Dataset records

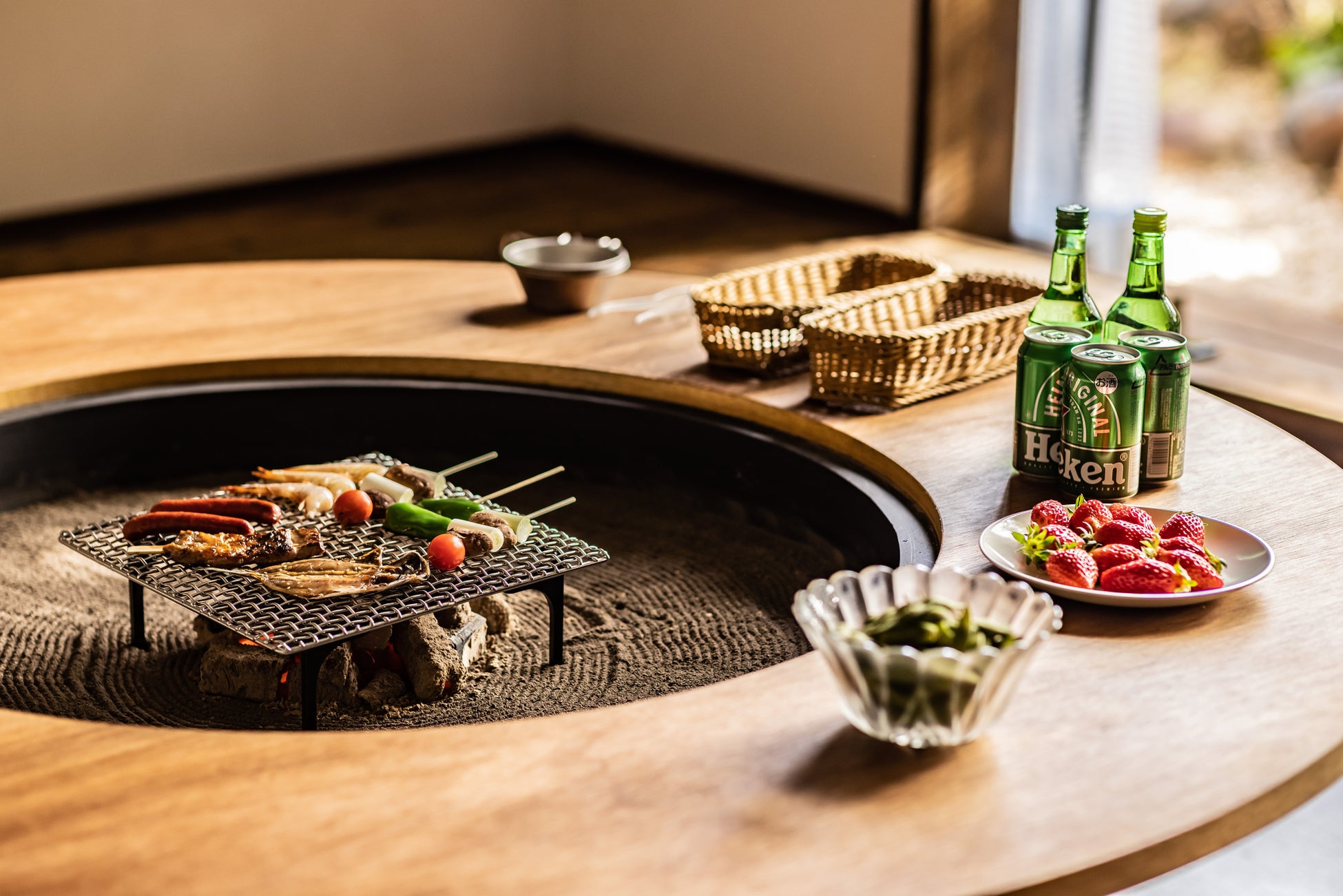 ※囲炉裏部屋で屋内BBQがお楽しみいただけます。※囲炉裏の火起こしと網代が料金に含まれます。
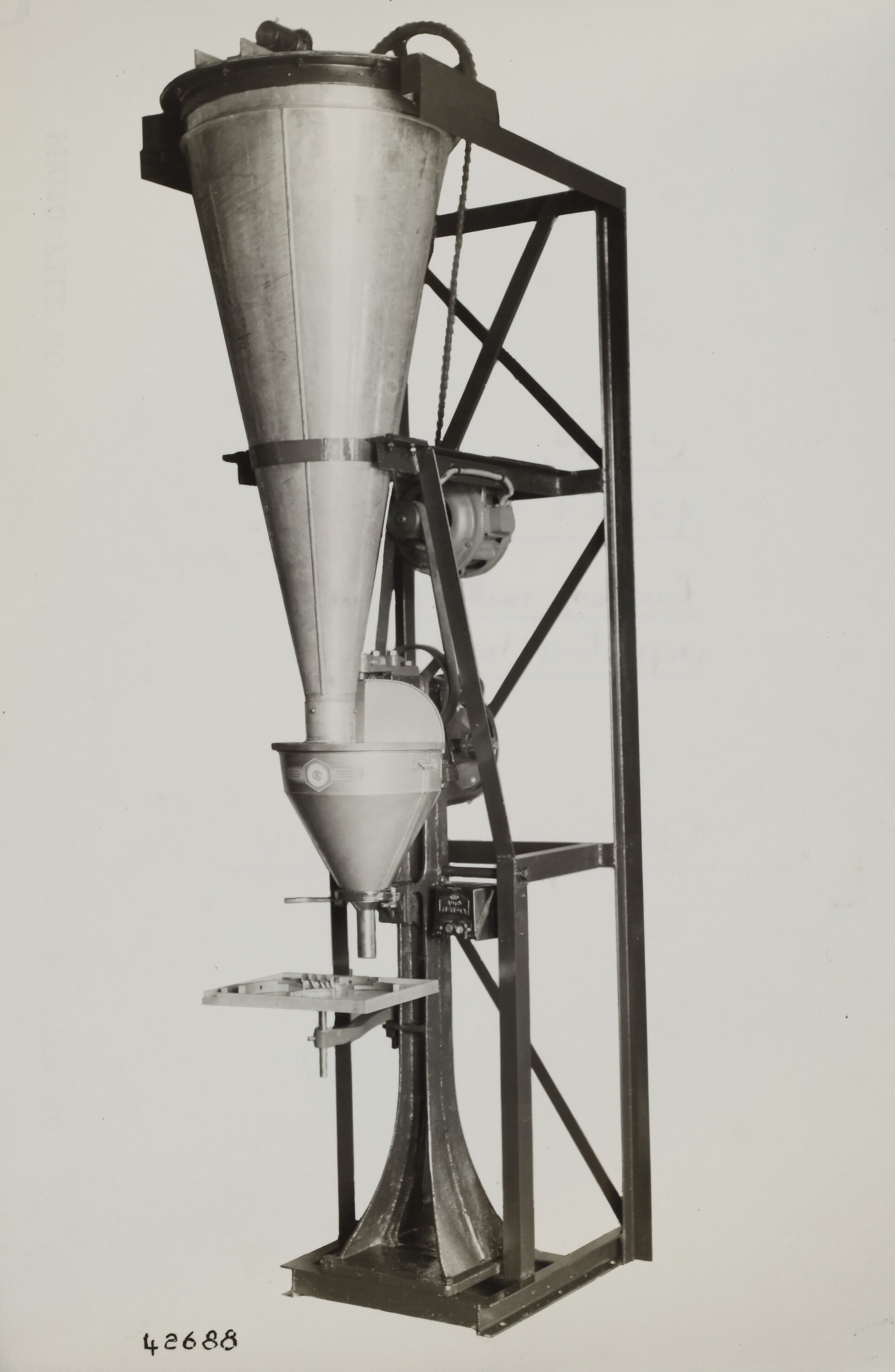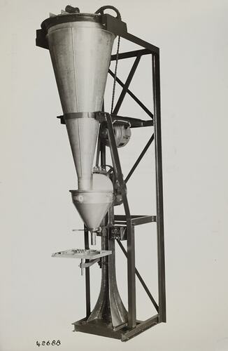 Printed in black on front of photograph: '42688' Printed in purple ink on back of photograph: 'Kerr / BROS. / COMMERCIAL / PHOTOGRAPHERS / 533 COLLINS ST. MELBOURNE' Hand written in grey pencil on back of photograph: '8-B' Hand written in red pencil on back of photograph: 'OFFICE COPY' Printed in red ink on back of photograph: 'PHOTO FILE NO. / SECTION NO.' Hand written in black ink on back of photograph: 'Or. No. / 42688 / Packer, with screw / agitating hopper.'
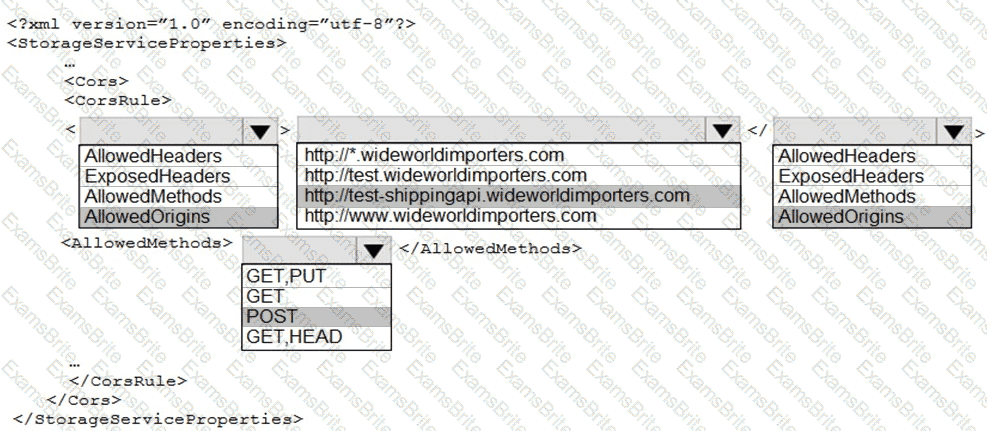 How should you configre the Azure Table Storage service? To answer, select the appropriate options in the answer area.
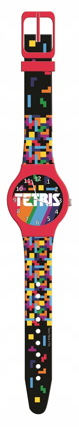 Аналоговые часы с темой тетрис. Длина часов с ремешком: 22,5 см. Диаметр циферблата с корпусом: 3,5 см.
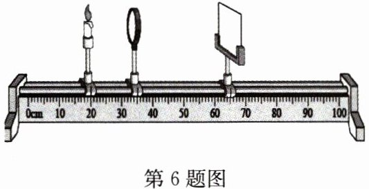 6. 用焦距为10 cm的凸透镜做“探究凸透镜成像的规律”实验。组装并调整实验器材时,应使烛焰和光屏的中心位于凸透镜的______上;找像时,要前后多移动几次光屏,找出成最______像时光屏的位置;当点燃的蜡烛、凸透镜、光屏置于光具座上如图所示的位置时,光屏上呈现烛焰的倒立、______的实像。
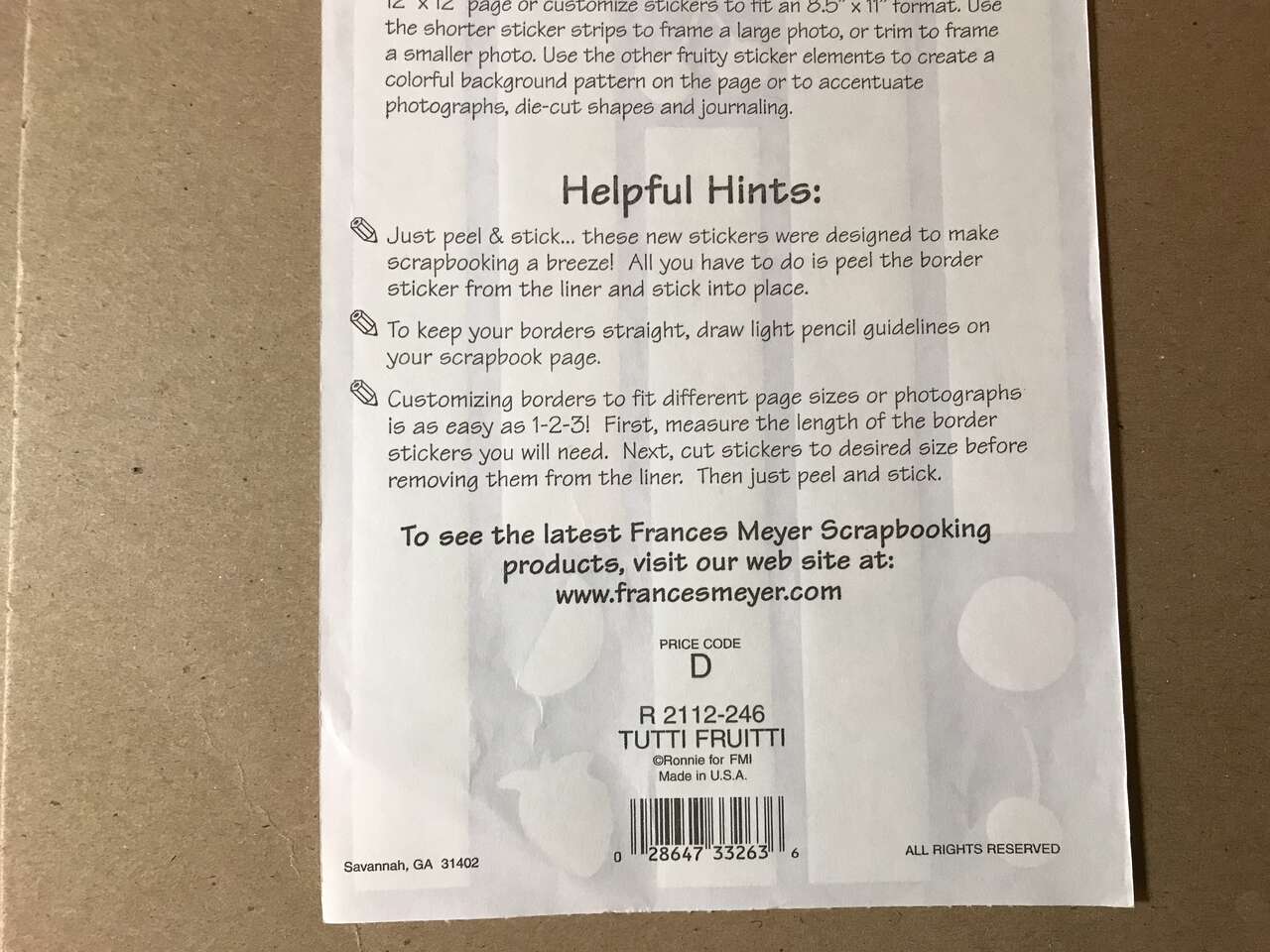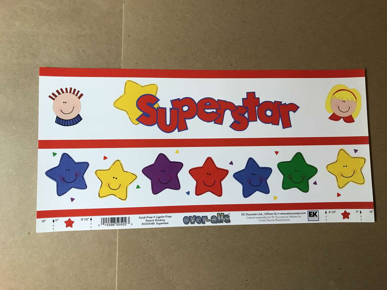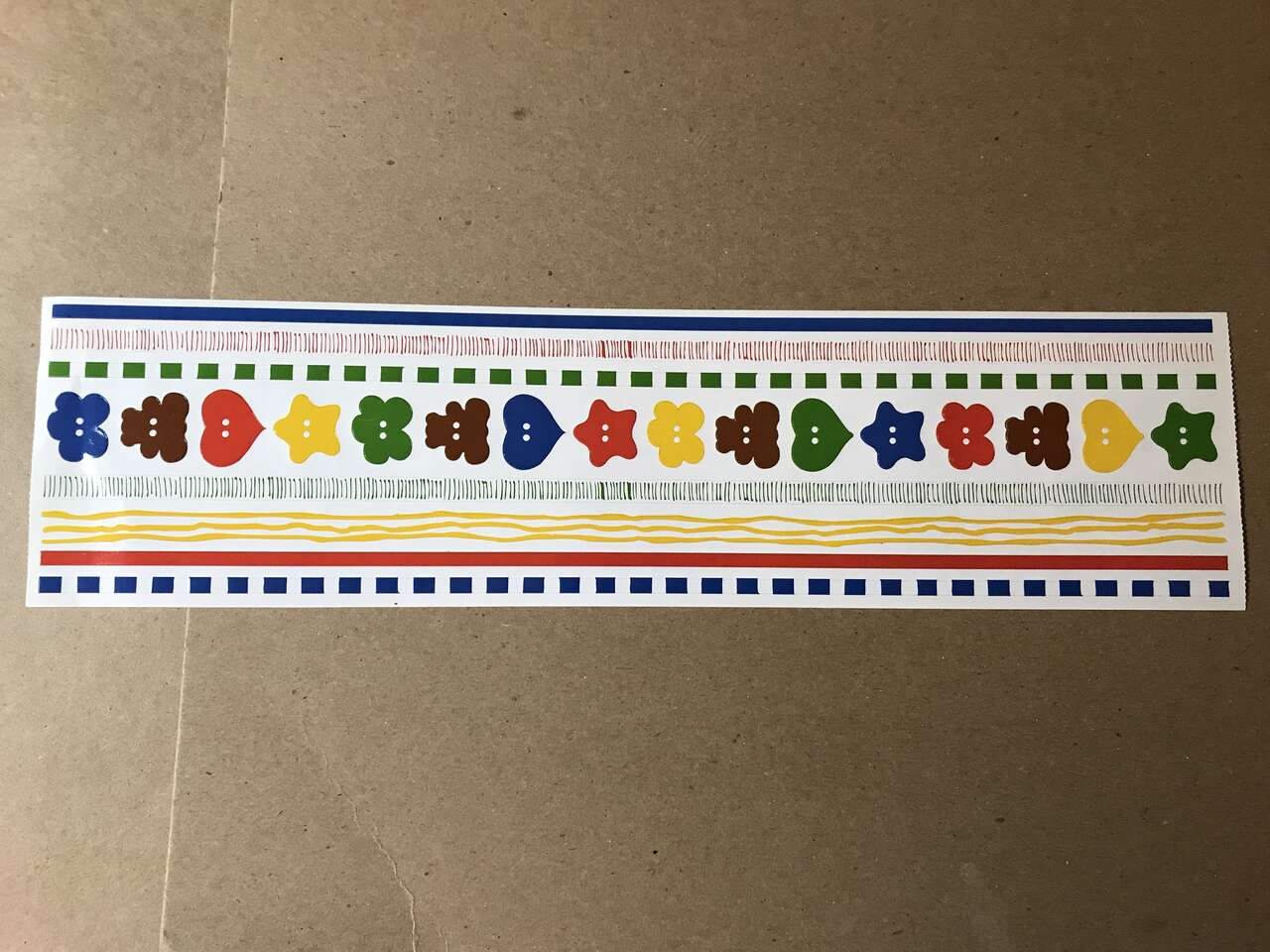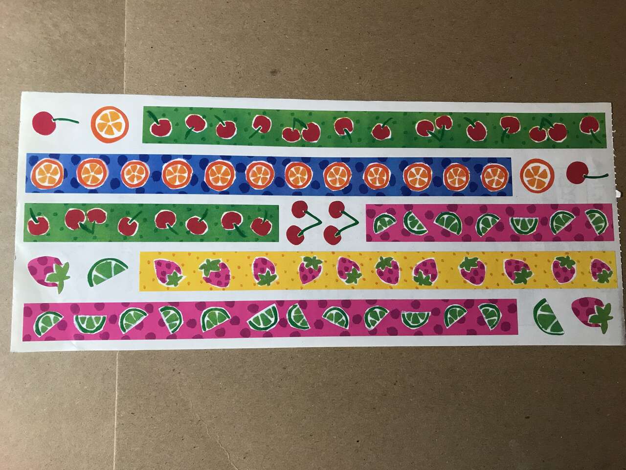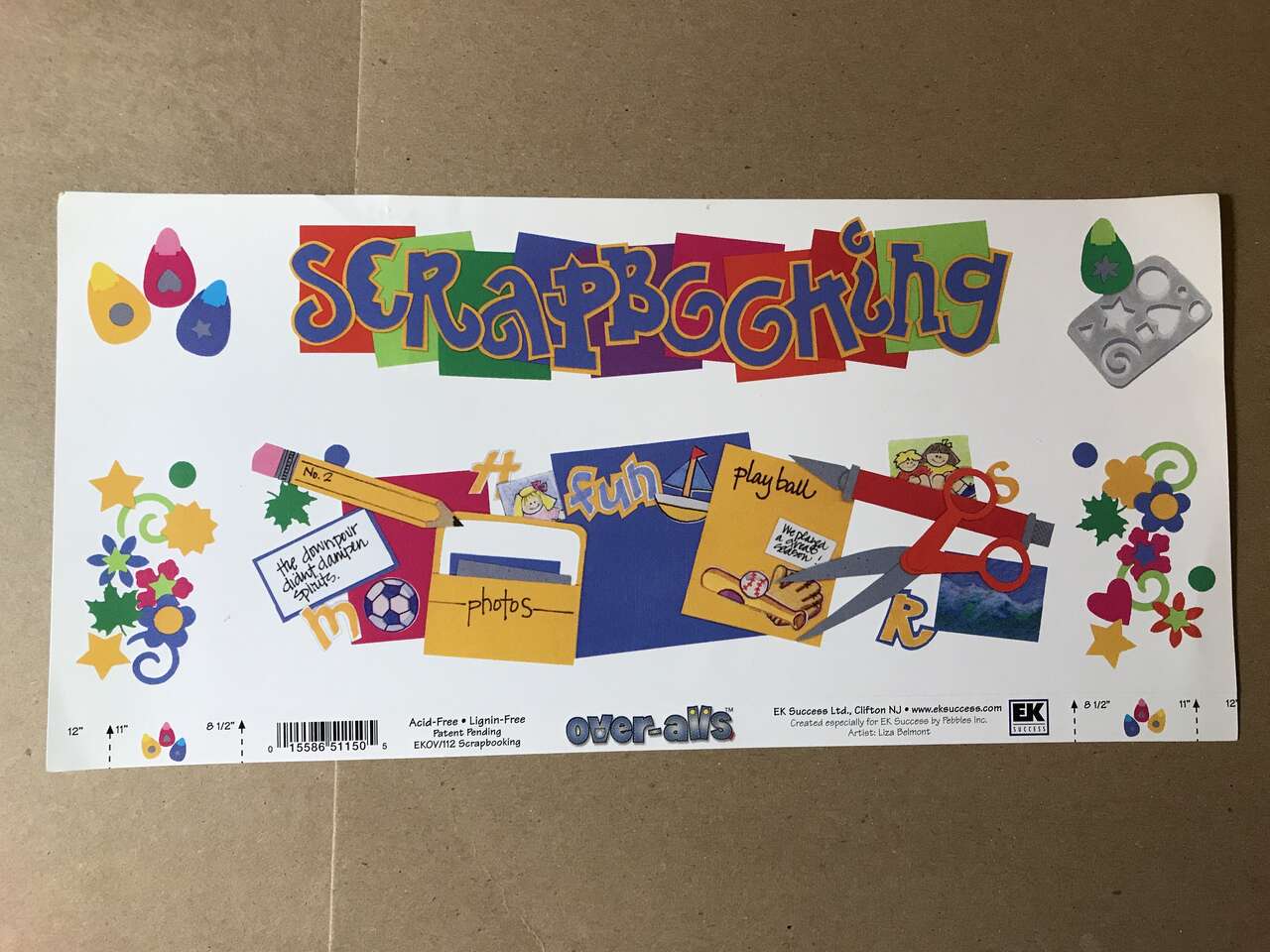 Lot of 4 EK Success Over-Alls Scrapbook Titles 12" x 5.25" + Fraces Meyer Tutti Fruitti Border Stickers 5" x 12" and Printworks Primary Burtons & Border Set 3" x 12". New, $5.00
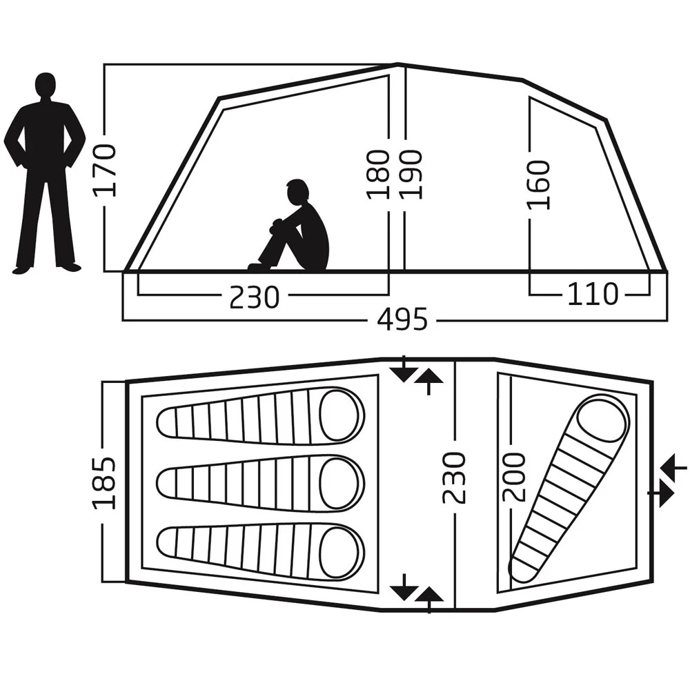 - Maße Außenzelt aufgestellt (B x L x H): 495 x 230 x 190 cm
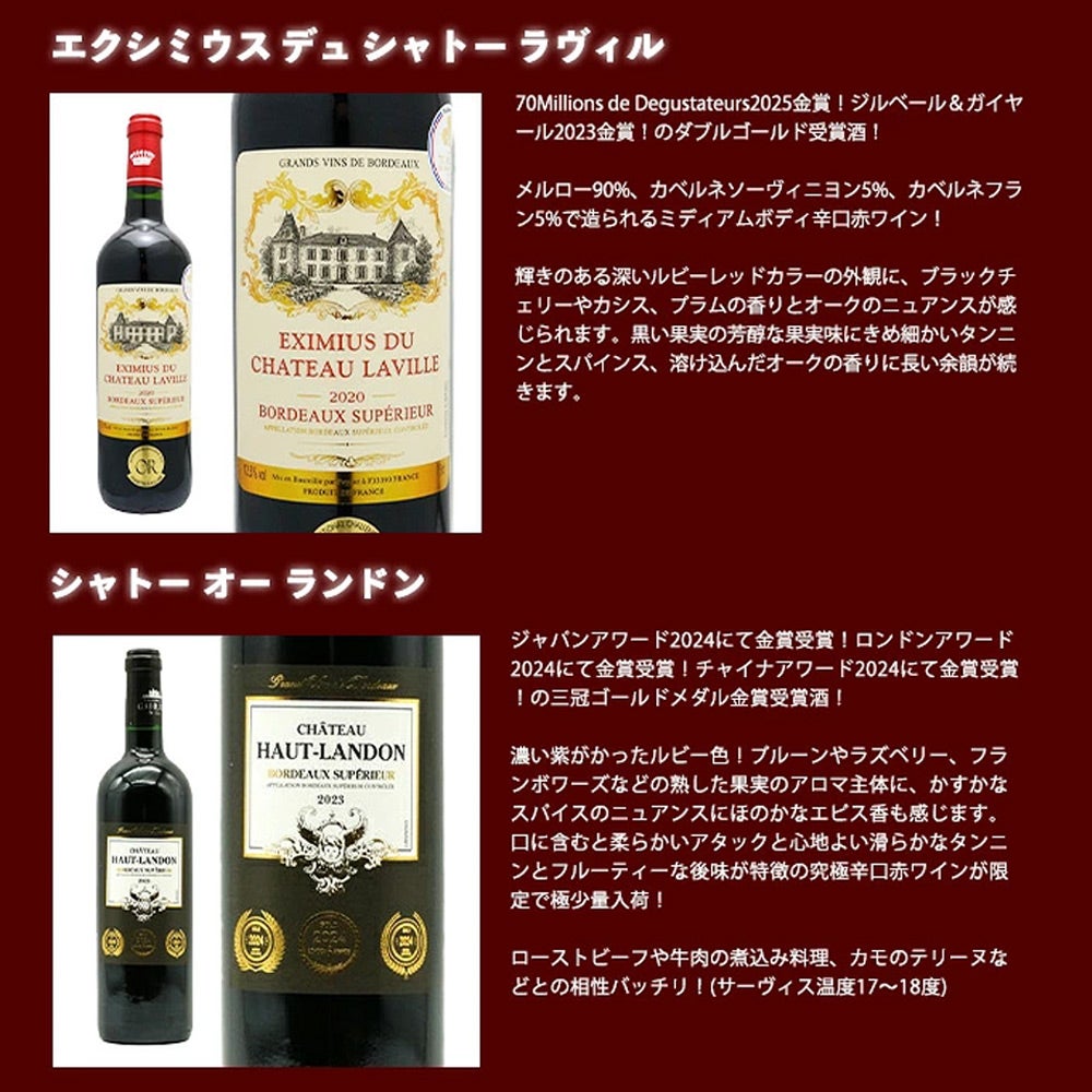 他の画像を見る 【送料無料】うきうき高級ボルドー人気急上昇地域!厳選 豪華金賞受賞酒 究極赤ワイン飲み比べ6本セット SSspecial03mar13_food ワインセット 赤ワイン ワインセット フランス 送料無料 当店特別価格 ¥ 7,294 税込 カートに入れる お気に入りに登録する
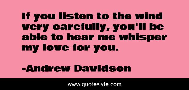 This page presents the quote "If you listen to the wind very carefully, you'll be able to hear me whisper my love for you.". Author of this quote is Andrew Davidson. This quote is about distance, love, affection,.

What this task involves
Copy exactly, without pictures, the lines above from the one with "Printed in black" down to the one with "Lot of 4 EK", inclusive.

Reply
 Printed in black on front of photograph: '42688' Printed in purple ink on back of photograph: 'Kerr / BROS. / COMMERCIAL / PHOTOGRAPHERS / 533 COLLINS ST. MELBOURNE' Hand written in grey pencil on back of photograph: '8-B' Hand written in red pencil on back of photograph: 'OFFICE COPY' Printed in red ink on back of photograph: 'PHOTO FILE NO. / SECTION NO.' Hand written in black ink on back of photograph: 'Or. No. / 42688 / Packer, with screw / agitating hopper.'
 How should you configre the Azure Table Storage service? To answer, select the appropriate options in the answer area.
 Аналоговые часы с темой тетрис. Длина часов с ремешком: 22,5 см. Диаметр циферблата с корпусом: 3,5 см.
 6. 用焦距为10 cm的凸透镜做“探究凸透镜成像的规律”实验。组装并调整实验器材时,应使烛焰和光屏的中心位于凸透镜的______上;找像时,要前后多移动几次光屏,找出成最______像时光屏的位置;当点燃的蜡烛、凸透镜、光屏置于光具座上如图所示的位置时,光屏上呈现烛焰的倒立、______的实像。
 Lot of 4 EK Success Over-Alls Scrapbook Titles 12" x 5.25" + Fraces Meyer Tutti Fruitti Border Stickers 5" x 12" and Printworks Primary Burtons & Border Set 3" x 12". New, $5.00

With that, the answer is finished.